Vidigulfo, minoranza polemica per il giornalino della giunta

VIDIGULFO.Passi per la commissione mensa ma l'esclusione delle minoranze dal comitato di redazione del giornalino comunale proprio non va giù all'opposizione di «Intesa per Vidigulfo». Il gruppo capitanato da Alberto Guida aveva rivolto una proposta al consiglio comunale rivendicando il diritto di informare la cittadinanza attraverso un adeguaTo spazio sullo «Specchio» di almeno una o due pagine. In concreto la richiesta era di modificare la composizione del comitato di redazione integrandolo con due elementi dell'opposizione.
La maggioranza ha però risposto picche ritenendo di non dover istituzionalizzare la presenza della minoranza ed ora Alberto Guida torna alla carica.

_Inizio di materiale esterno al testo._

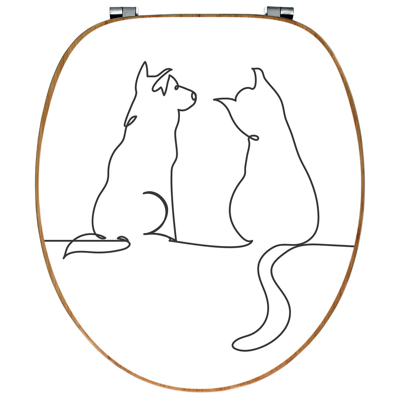 Design WC-Sitz Bambus Holz Motiv Katzen-Hunde-Freundschaft Lineart

«E' stata ribadita qualora fosse ancora necessario - sottolinea ancora Guida - l'antidemocraticità della maggioranza. E' stata l'ennesima dimostrazione muscolare basata solo su un rapporto di forza e tesa ad impedire che anche le minoranze possano far conoscere il loro pensiero, le loro proposte e le loro critiche alle cittadinanza. Un autentico bavaglio all'accesso all'informazione tipico dei regimi totalitari».
«Risulta perciò beffardo - continua -, il sottotitolo del bollettino e cioè 'Periodico dell'amministrazione comunale di Vidigulfo"».

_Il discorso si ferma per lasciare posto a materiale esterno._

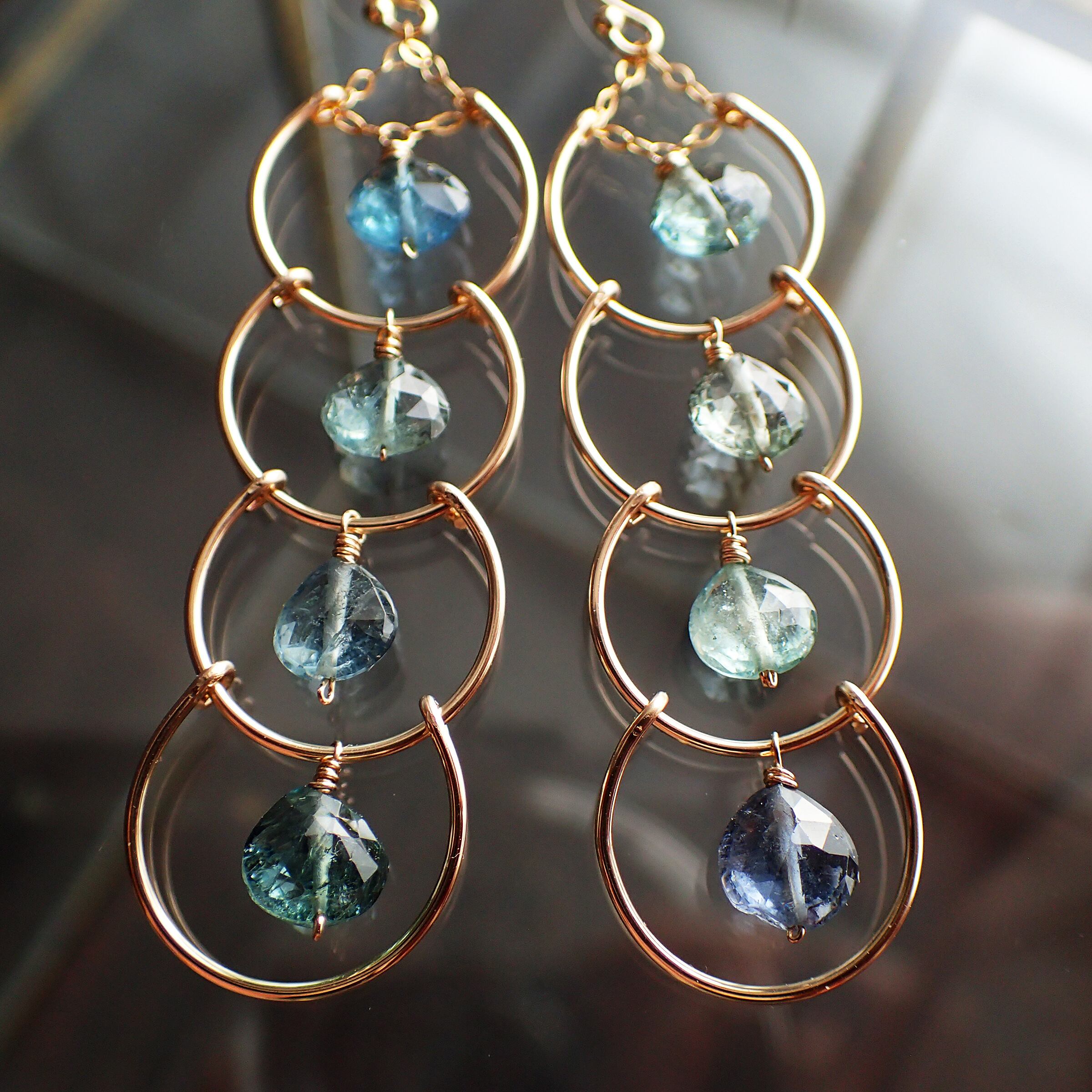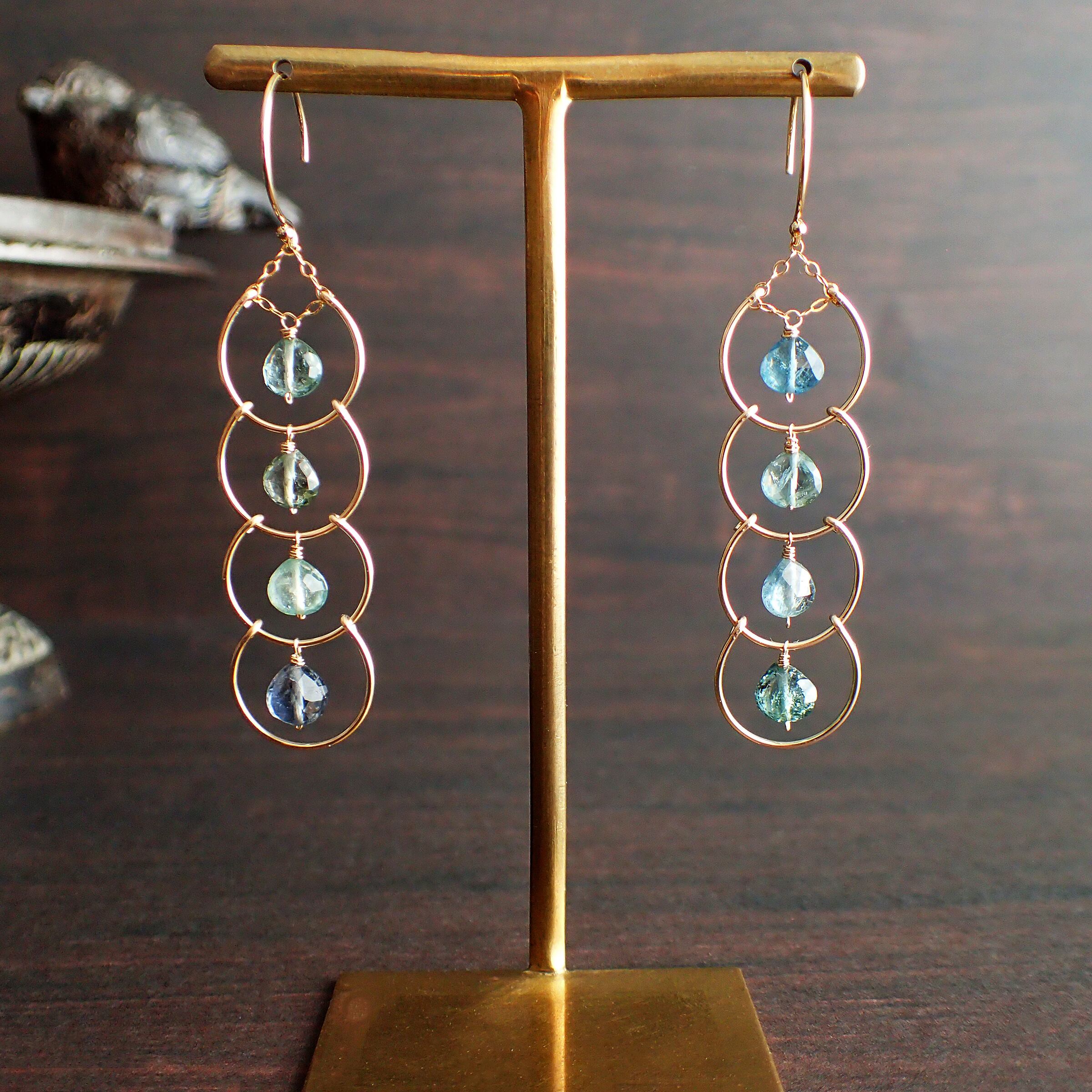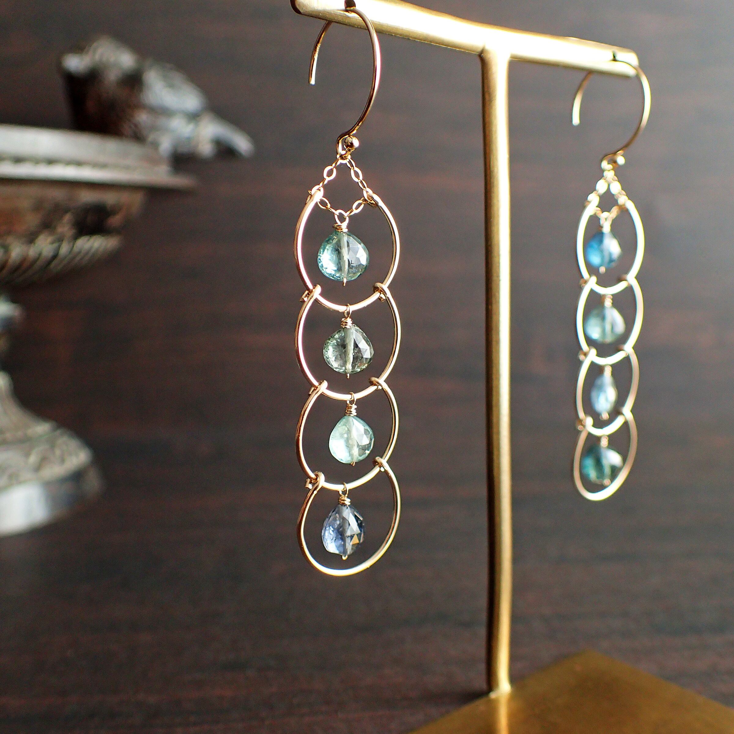 このピアスは、様々なトーンのグリーントルマリンを使用し、まるで涼やかな森林の中を散歩するかのような美しいデザインが特長です。

«Si ignora bellamente - continua il consigliere - che sono amministratori anche i componenti della minoranza. A questo punto la maggioranza abbia almeno il pudore di cambiare il sottotitolo in 'Periodico della maggioranza" glissando sul fatto che la richiesta di partecipazione ha avuto il sostegno delle due minoranze che, nell'occasione concordi, rappresentano ben il 48% dei votanti contro il 38,6% della maggioranza. Ma cambino anche il nome 'Lo specchio" perchè a questo punto perderebbe il significato originario di onestà per assumere la funzione più prosaica che è quella di riflettere la propria immagine un po' come faceva la strega nella favola di Biancaneve». Guida conclude le proprie considerazioni auspicando da un lato che il monopolio sull'informazione nel locale stabilito dall'amministrazione di Enrica Setmani si traduca anche in «esborsi di tasca propria per le spese di pubblicazione senza gravare sulle casse comunali che sono di tutti e non di una sola parte politica» e dall'altro rassicurando i propri elettori: «queste prevaricazioni avranno solo l'effetto di rafforzare i nostri sforzi. Continueremo a svolgere il nostro compito istituzionale facendo sempre sentire la nostra voce».